President Bola Ahmed Tinubu signed off on the directive, positioning it as a “pro‑value‑addition policy” designed to strengthen the domestic shea value chain, generate jobs, and boost rural incomes — particularly for the millions of women who dominate the sector as pickers and early‑stage processors. Nigeria currently produces around 40 percent of the world’s raw shea nut supply, yet it captures a mere 1 percent of the estimated US$6.5 billion global shea products market.
At a multi‑stakeholder meeting in the Presidential Villa, Shettima underscored the government’s objectives: curbing informal cross‑border trade, securing raw materials for local factories, and expanding Nigeria’s footprint in high‑value derivatives such as shea butter, olein and stearin. Nigerian officials project the directive could generate about US$300 million annually in the short term, with ambitions of growing that figure by ten‑fold by 2027 as refining capacity and exports of finished products increase.
The ban places Nigeria alongside other West African nations — including Burkina Faso, Ghana, Mali, Togo and Ivory Coast — that have implemented similar restrictions to protect and grow their own processing industries.
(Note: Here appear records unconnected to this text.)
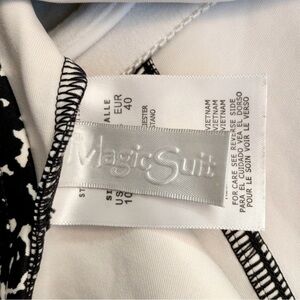 Elevate your swimwear game with this MagicSuit by Miraclesuit tankini top, designed to smooth, shape, and stun. Featuring a chic black-and-white abstract print, a sleek high-neck silhouette, and a functional front zip for customizable coverage, this piece blends confidence-boosting fit technology with runway-worthy style.
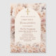 Una invitación magnética moderna, elegante y romántica para una Primera Comunión. Crema, fondo de color melocotón, armazón, decorado con flores de color crema. Personalice y agregue su nombre y los detalles.
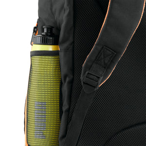 Functional backpack with a zipped pocket on the front to carry a padel racket.
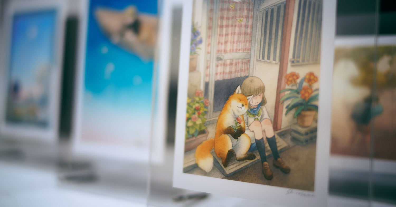 これまでしろさめは「個展での原画の販売」にこだわってきました。そんな彼女が素晴らしい色再現を可能にした『minamo print』との出会いによって「多くの皆さまに複製原画をお届けしたい」と考えることになりました。『minamo print』の強いこだわりや丁寧な取り組みについてご紹介します。
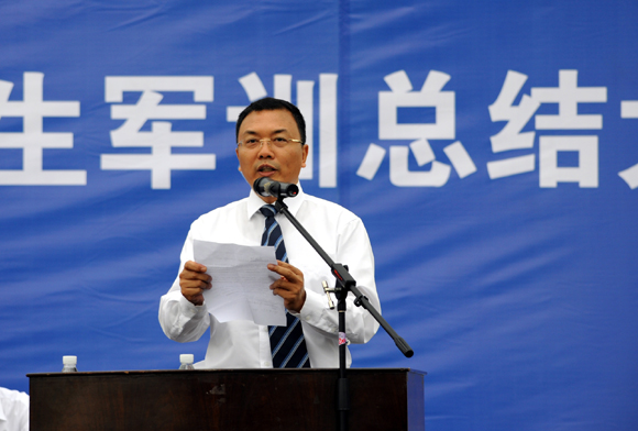 随后,副院长齐志儒教授发表了军训总结讲话,他首先向一直战斗在军训第一线的全体教官们和辅导员、表示衷心的感谢和亲切的慰问,对圆满完成今年军训任务的2011级全体新同学们表示热烈的祝贺,同时总结了这次军训取得的成果。同时,他希望全体新同学在即将开始的大学生活中,继续把军训中培养的好思想、好作风发扬下去,努力成为一名合格的人才,以优异的成绩报效祖国、报答父母。
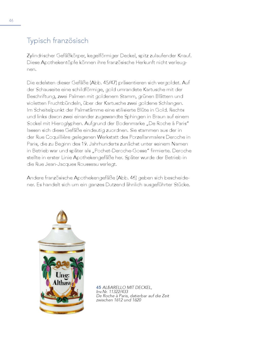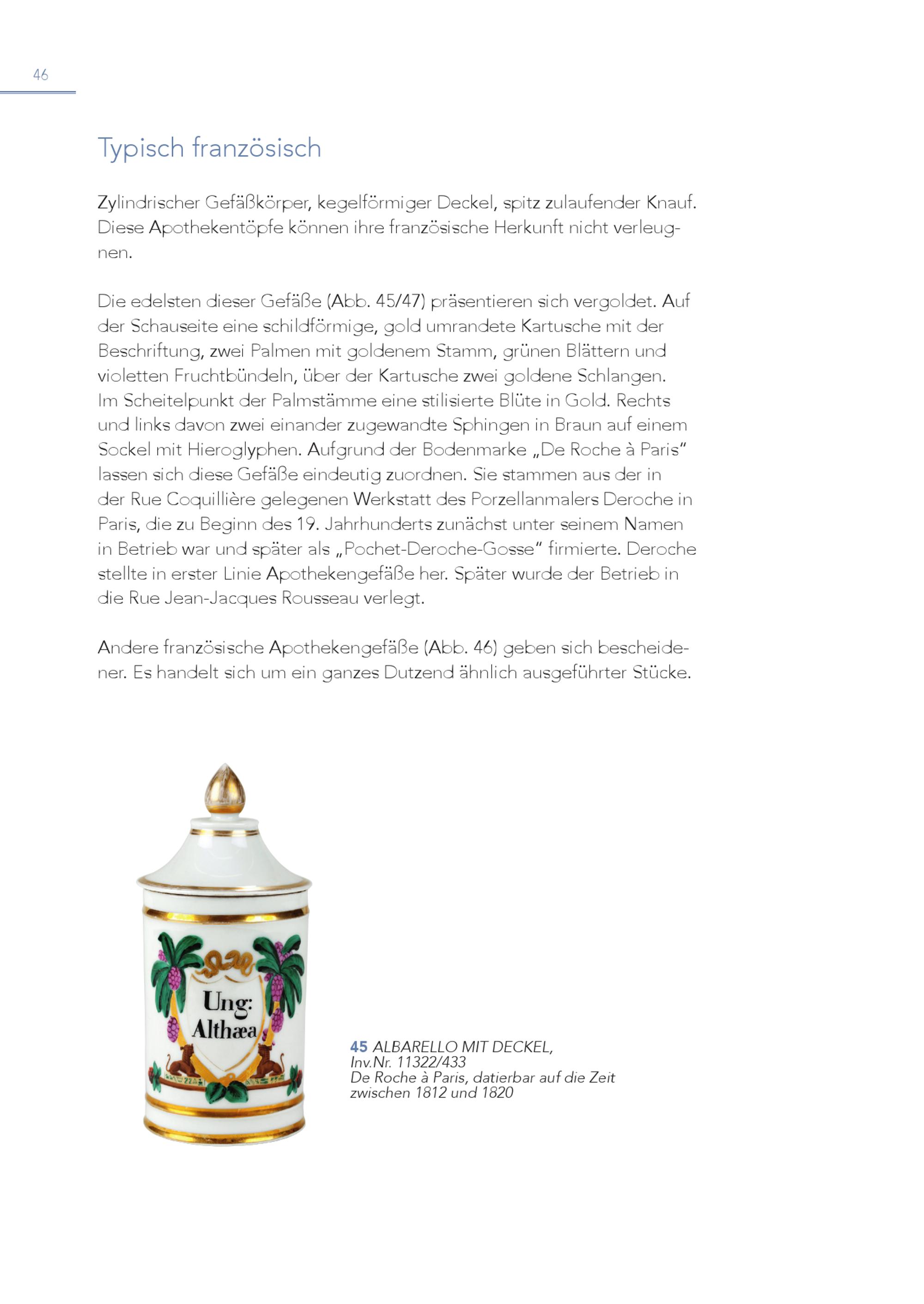 46 Typisch französisch Zylindrischer Gefäßkörper, kegelförmiger Deckel, spitz zulaufender Knauf. Diese Apothekentöpfe können ihre französische Herkunft nicht verleugnen. Die edelsten dieser Gefäße(Abb. 45/47) präsentieren sich vergoldet. Auf der Schauseite eine schildförmige, gold umrandete Kartusche mit der Beschriftung, zwei Palmen mit goldenem Stamm, grünen Blättern und violetten Fruchtbündeln, über der Kartusche zwei goldene Schlangen. Im Scheitelpunkt der Palmstämme eine stilisierte Blüte in Gold. Rechts und links davon zwei einander zugewandte Sphingen in Braun auf einem Sockel mit Hieroglyphen. Aufgrund der Bodenmarke„De Roche à Paris“ lassen sich diese Gefäße eindeutig zuordnen. Sie stammen aus der in der Rue Coquillière gelegenen Werkstatt des Porzellanmalers Deroche in Paris, die zu Beginn des 19. Jahrhunderts zunächst unter seinem Namen in Betrieb war und später als„Pochet-Deroche-Gosse“ firmierte. Deroche stellte in erster Linie Apothekengefäße her. Später wurde der Betrieb in die Rue Jean-Jacques Rousseau verlegt. Andere französische Apothekengefäße(Abb. 46) geben sich bescheidener. Es handelt sich um ein ganzes Dutzend ähnlich ausgeführter Stücke. Hier wird durch eine goldbraune Bemalung eine wesentlich kostbarere Bemalung 4 In 5 v.NALr.B1A1R32E2L/L4O33MIT DECKEL, De Roche à Paris, datierbar auf die Zeit zwischen 1812 und 1820
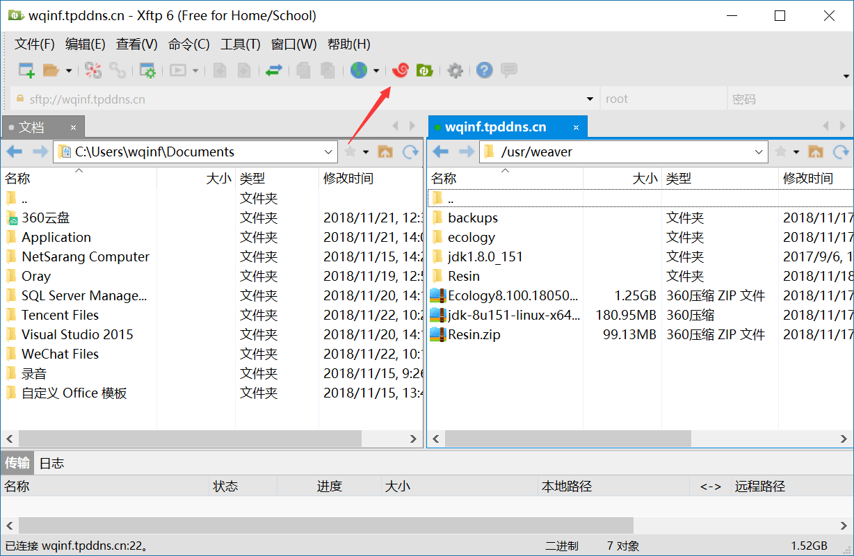Xftp的下载与安装请参考Xshell的下载与安装使用,过程基本一致。当我们使用Xshell连接服务器之后,我们可以通过点击顶部的Xftp图标,直接管理服务器上的文件。

Observers note that leaving raw exports unchecked historically weakened local processing capacity and allowed processors abroad to capture the lion’s share of value from Africa’s shea harvests.
But reality on the ground has been mixed. While policymakers highlight the long‑term potential to transform Nigeria into a global supplier of refined shea products, the sudden withdrawal of raw exports has sent shockwaves through established supply chains. For many shea nut pickers — the backbone of the rural economy — the ban has disrupted income flows as international buyers, accustomed to sourcing direct from Nigeria’s abundant harvests, paused orders or shifted to neighbouring markets.
Critics of the policy — including industry analysts and rural producers — argue that waiting to build processing capacity before restricting exports might have reduced early disruption. Nigeria’s installed processing capacity, while growing, remains unevenly distributed and underused, meaning local factories cannot yet absorb all the raw material previously sold to international buyers.
The government insists the measure is not protectionist but strategic, aiming to catalyse local investment in processing facilities that could one day rival overseas competitors. Agreements are already being pursued to secure preferential access for Nigerian refined products in markets such as Brazil, and officials say the policy could unlock larger participation in a projected US$9 billion global market by 2030.
For now, Nigeria’s shea sector sits at a crossroads. The export ban reflects a bold bid to rewrite decades‑old trade patterns — but the nation’s ability to translate that ambition into equitable economic growth, particularly for women who have historically powered the industry, will depend on rapid investment in processing infrastructure, transparent support mechanisms, and careful management of expectations. With the six‑month window ticking, all eyes are on whether this policy will mark the start of a new chapter in Nigeria’s agricultural industrialisation — or a cautionary tale about the complexities of reform in a deeply interconnected global market.